Work request: When writing out the entries below, keep only the lines from the line with "Körforgás rendezvénysorozatunk következő" to the line with "Pure Silk Sari.", both included, exactly as they are, and leave the pictures aside.

Stored data:
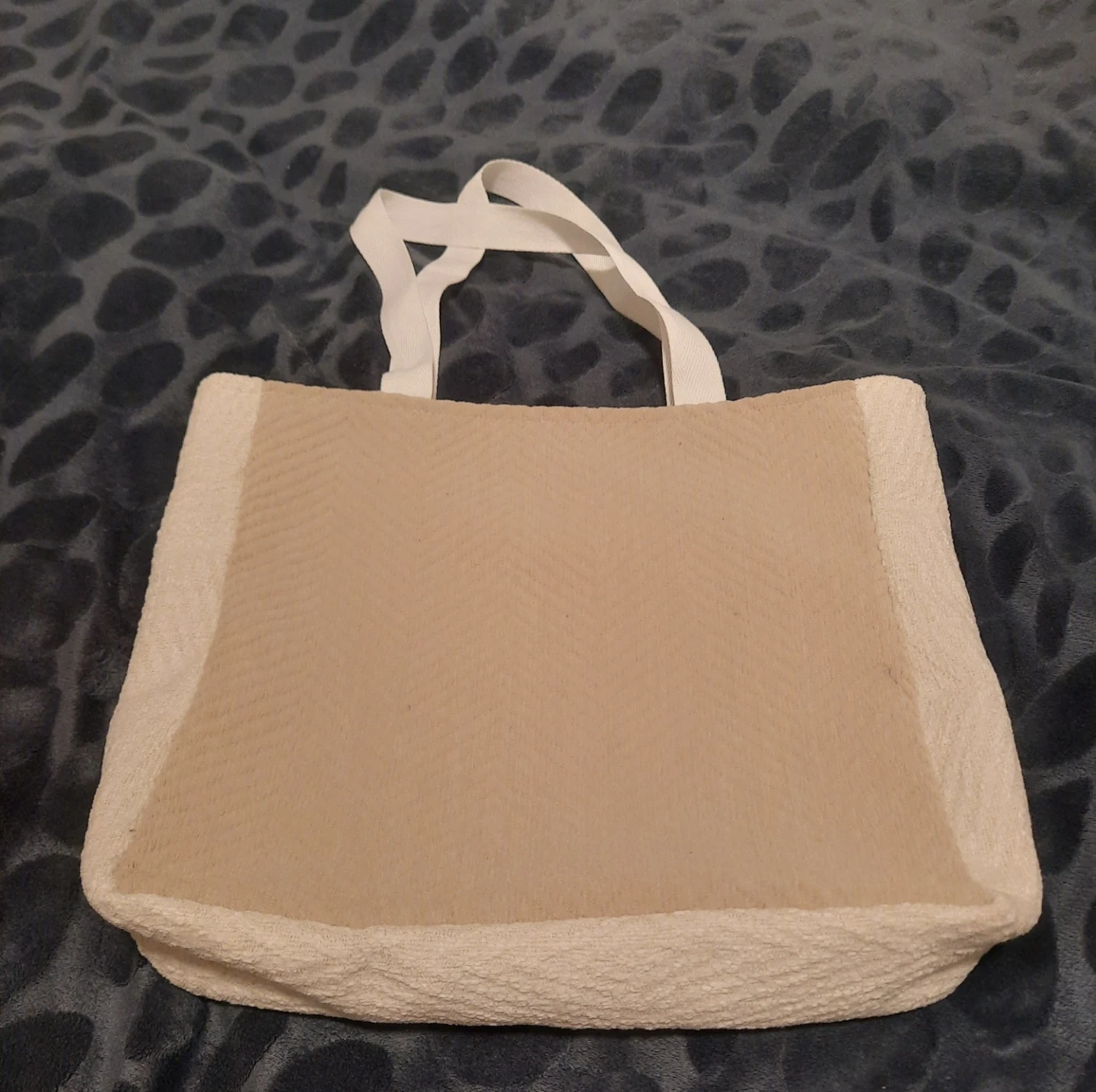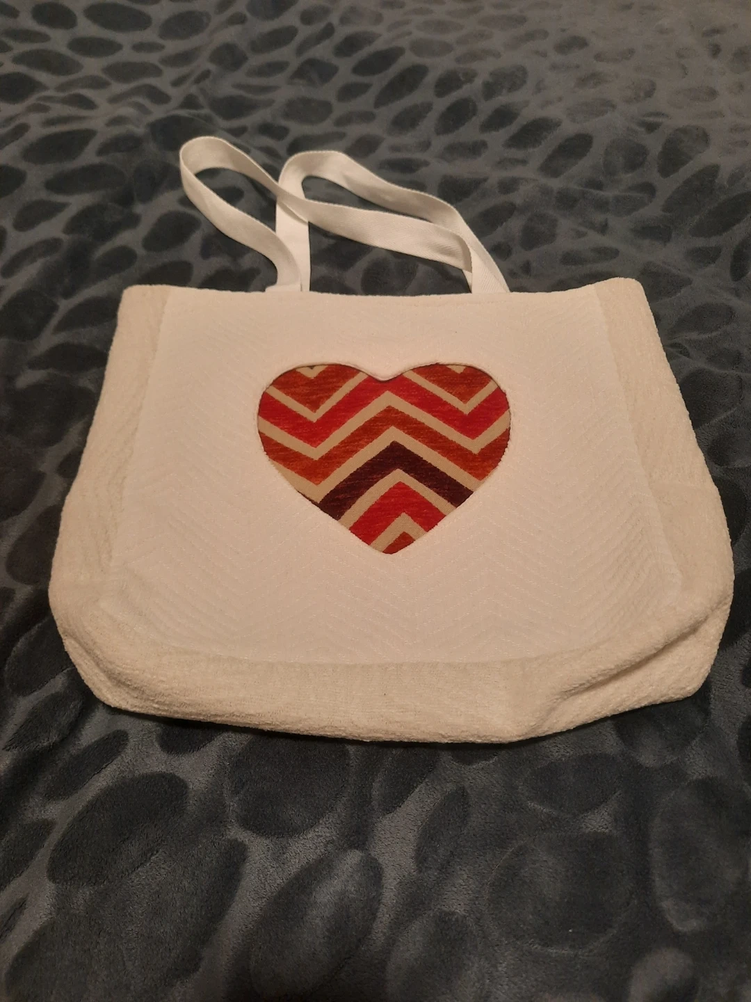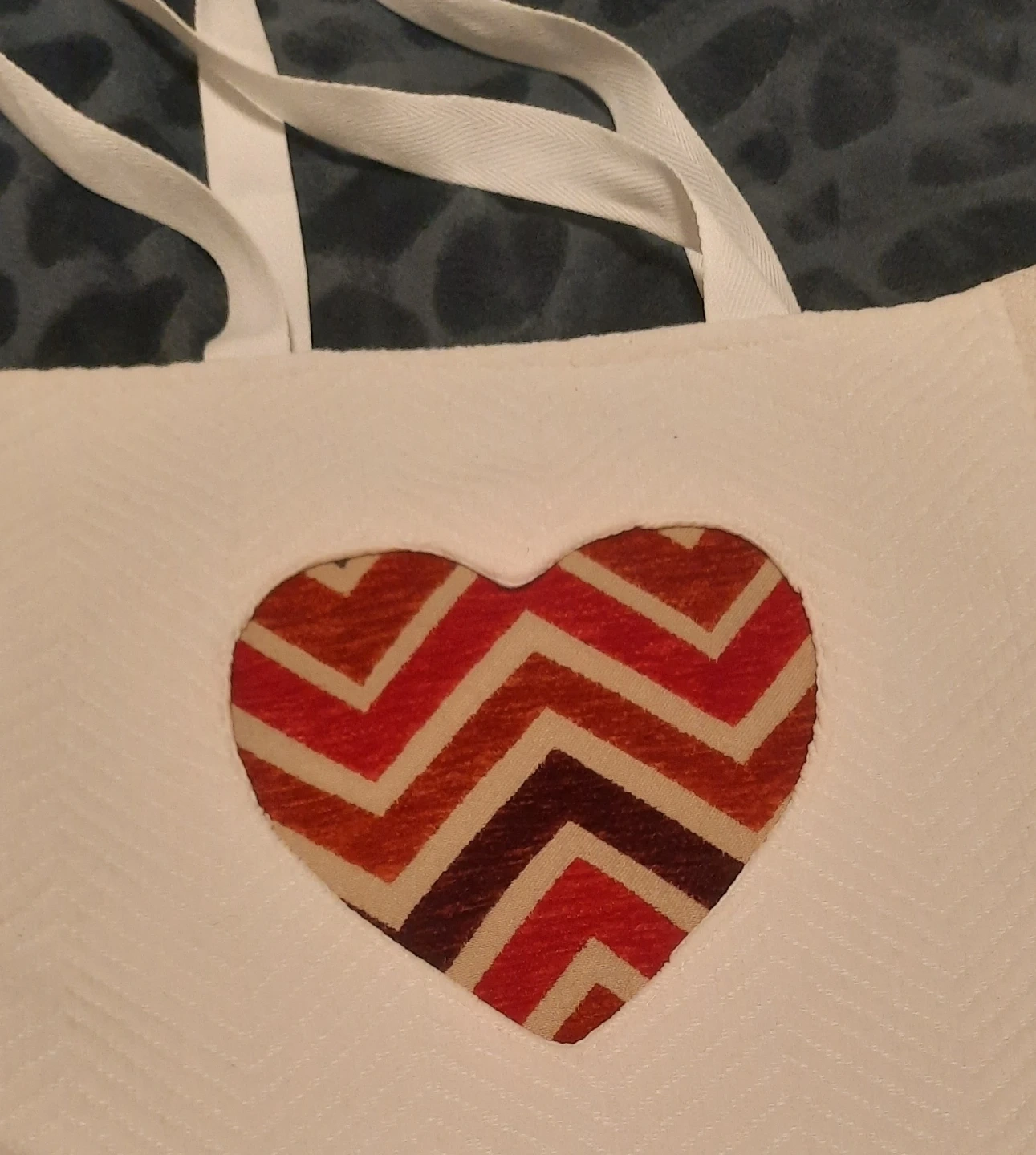 This white tote bag is my handmade, features a unique heart design with warm, inviting colours. It's perfect for shopping, carrying books, or just adding a little flair to your outfit or as a gift ๐
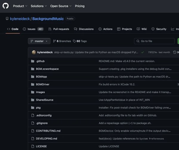 ここからGitHubのBackgroundMusicのページ(URL: https://github.com/kyleneideck/BackgroundMusic)を開いてみよう。
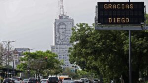 El Gobierno porteño dispuso iluminar monumentos y fachadas de edificios de la Ciudad de Buenos Aires con los colores de la bandera argentina, en homenaje a Diego Armando Maradona, que falleció este miércoles a los 60 años a causa de paro cardiorespiratorio.
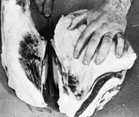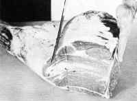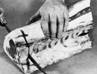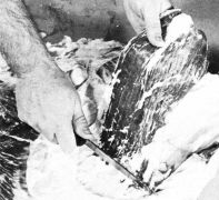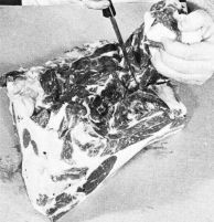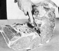 Split the pelvic bone by first locating the seam between the rounds, then following this seam to the bone and cutting through the bone with a knife or saw (figs. 41 and 42).
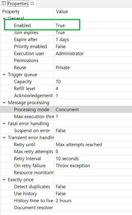 - Message Trigger의 Properties > Enabled : False -> True 로 변경
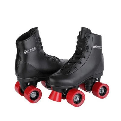 Boys’ Chicago Rink Roller Skates combine a comfy boot with adjustable fit and laces for a safe, snug fit. Lace ’em up and go-indoors or out. The toe-stop brakes are non-marking, so no worries there. Black laces match the skates, but kids can make them their own with different colors. Laced up, ready to roll. Ages 5 and up.
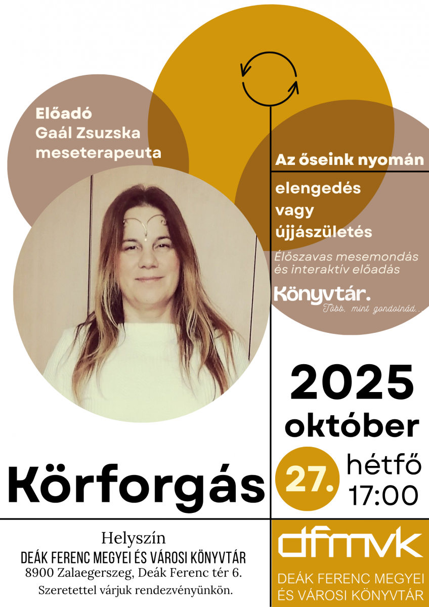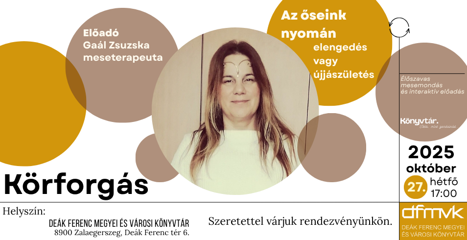 Körforgás rendezvénysorozatunk következő programja kerül megrendezésre Október 27-én! Gaál Zsuzska meseterapeuta ezúttal "Az őseink nyomán" címmel tart előadást!
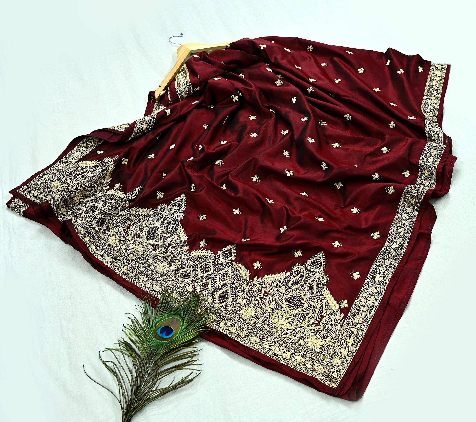 *Vintage Heavy Beautiful Maroon Colored Hand Embroidered Pure Silk Sari.
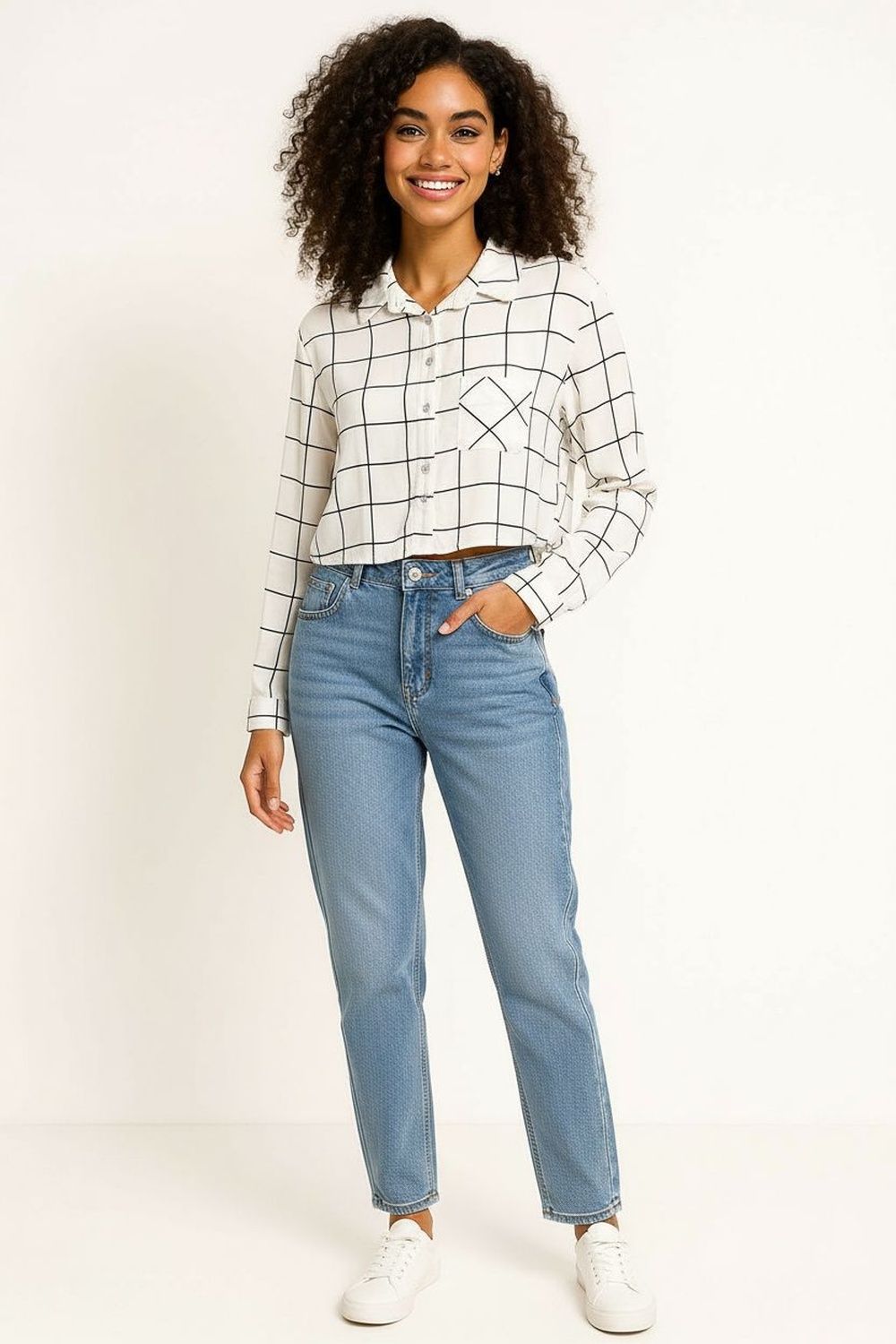 Blusa camisera corta con solapa clásica y botonadura frontal, bolsillo aplicado que agrega detalle funcional, manga larga con puño estructurado, confección en tejido suave con caída ligera que mantiene buena estructura, dobladillo recto que aporta acabado limpio

Solved problem:
 Körforgás rendezvénysorozatunk következő programja kerül megrendezésre Október 27-én! Gaál Zsuzska meseterapeuta ezúttal "Az őseink nyomán" címmel tart előadást!
 *Vintage Heavy Beautiful Maroon Colored Hand Embroidered Pure Silk Sari.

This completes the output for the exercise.